▶ _About this exercise_:
Two lines below mark the span: the one containing "左右のレールは正確にそろえる。ずれると脱線のリスクが高まる。" and the one containing "左右のレールの前後位置を正確". Set down both, plus every line between, exactly as they stand, and nothing else.

▶ _Data shown_:

*-*-*

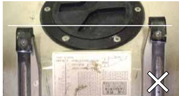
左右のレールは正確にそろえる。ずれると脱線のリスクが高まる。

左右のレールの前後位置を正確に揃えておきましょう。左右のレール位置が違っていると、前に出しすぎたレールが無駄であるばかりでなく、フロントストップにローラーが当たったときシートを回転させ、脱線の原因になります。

*-*-*

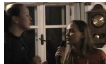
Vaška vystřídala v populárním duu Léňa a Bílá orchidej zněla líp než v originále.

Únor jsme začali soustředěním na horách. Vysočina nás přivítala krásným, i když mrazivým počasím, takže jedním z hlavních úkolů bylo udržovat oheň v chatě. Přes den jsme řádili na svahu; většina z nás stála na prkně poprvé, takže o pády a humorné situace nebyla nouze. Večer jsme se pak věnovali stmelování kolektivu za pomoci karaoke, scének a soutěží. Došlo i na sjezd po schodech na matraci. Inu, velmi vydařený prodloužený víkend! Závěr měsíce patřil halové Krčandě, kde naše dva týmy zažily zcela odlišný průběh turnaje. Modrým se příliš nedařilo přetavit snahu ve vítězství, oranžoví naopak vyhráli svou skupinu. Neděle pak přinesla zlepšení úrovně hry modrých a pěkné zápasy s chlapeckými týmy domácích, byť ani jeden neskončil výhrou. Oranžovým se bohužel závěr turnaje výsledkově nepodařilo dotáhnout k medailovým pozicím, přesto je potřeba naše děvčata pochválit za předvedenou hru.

*-*-*

▶ _Task output_:
左右のレールは正確にそろえる。ずれると脱線のリスクが高まる。

左右のレールの前後位置を正確に揃えておきましょう。左右のレール位置が違っていると、前に出しすぎたレールが無駄であるばかりでなく、フロントストップにローラーが当たったときシートを回転させ、脱線の原因になります。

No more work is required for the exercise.